Reputation: 57
I have an example of code that I want to learn from. When I save this code as a HTML file, the code shows instead of the h1. Why is this? Thank you.
HTTP/1.1 200 Ok
Server: Apache/2.2.3 (Red Hat)
Expires: Sun, 19 Nov 1978 05:00:00 GMT
Last-Modified: Wed, 11 Dec 2013 19:19:58 GMT
Date: Wed, 11 Dec 2013 19:39:44 GMT
Content-Length: 163
Content-Type: text/html
<!DOCTYPE html>
<html>
<head>
<title> Hello World Page</title>
</head>
<body>
<h1>Hello World</h1>
</body>
</html>
Upvotes: 1
Views: 62
Reputation: 107267
The example you have given seems to be a full HTTP payload, e.g. as captured via a network sniffer or browser debugging tool.
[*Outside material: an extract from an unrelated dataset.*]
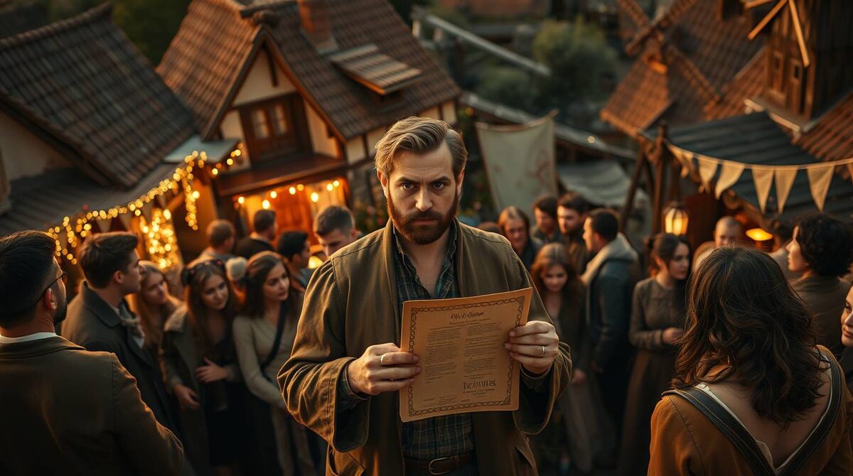 Но не всем это нравилось. Некто Пётр, местный скептик, втихаря попросил библиотекаря Аркадия проверить документ. Тот, прогулявшись вечером, признался: «Я сомневаюсь, что документ настоящий. Бумага и письмо странные. Может, эта сваха нас всех обманывает?»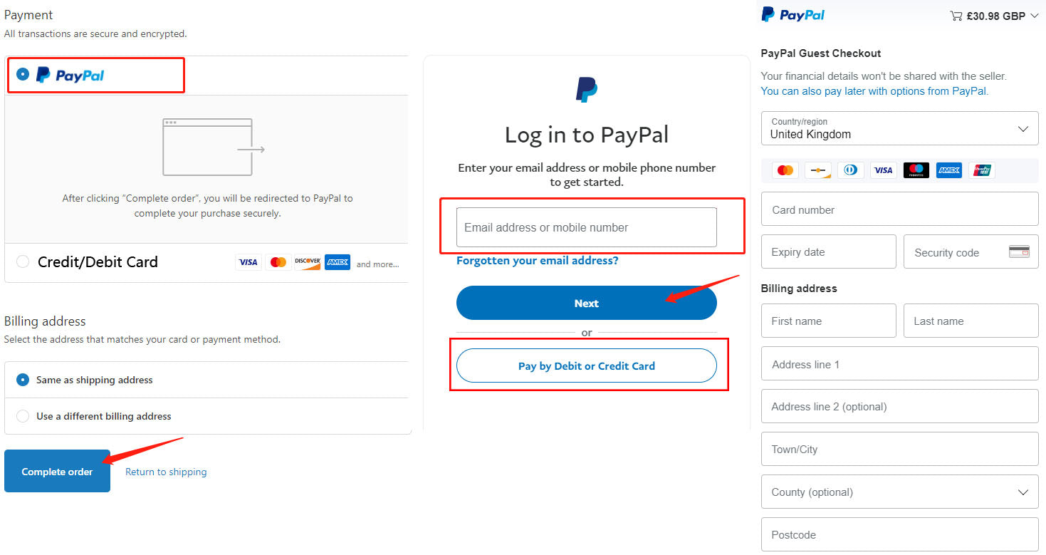- You may still check out even without a PayPal account. To do so, please click on "Pay by Debit/Credit Card" and you’ll be redirected to a secure page where you can enter your credit card information or complete your payment safely via PayPal. Please refer to the following steps for Paypal payment:

You shouldn't save the HTTP headers when saving the .html
file - these are an artifact of the HTTP protocol, and not of the .HTML
markup for rendering.
Just save the part after
<!DOCTYPE html>
Upvotes: 2
Reputation: 35453
Your problem is because your text contains the HTTP header info plus the HTML.
This is the HTTP header - do not put it in your HTML file;
HTTP/1.1 200 Ok
Server: Apache/2.2.3 (Red Hat)
Expires: Sun, 19 Nov 1978 05:00:00 GMT
Last-Modified: Wed, 11 Dec 2013 19:19:58 GMT
Date: Wed, 11 Dec 2013 19:39:44 GMT
Content-Length: 163
Content-Type: text/html
This is the HTML - put it in its own file, such as hello.html:
<!DOCTYPE html>
<html>
<head>
<title> Hello World Page</title>
</head>
<body>
<h1>Hello World</h1>
</body>
</html>
What you're seeing when you load your text is probably because your browser is seeing plain text at the beginning of your file, and so your browser is guessing that the file is plain text instead of HTML.
Upvotes: 2
Reputation: 44831
First, you shouldn't be saving the headers as part of the file. They are HTTP headers returned by a server, not part of the page itself. I'm talking about this:
HTTP/1.1 200 Ok
Server: Apache/2.2.3 (Red Hat)
Expires: Sun, 19 Nov 1978 05:00:00 GMT
Last-Modified: Wed, 11 Dec 2013 19:19:58 GMT
Date: Wed, 11 Dec 2013 19:39:44 GMT
Content-Length: 163
Content-Type: text/html
Second, please confirm that your extension is .htm or .html.
Finally, how are you viewing this? In a browser, text editor, or something else?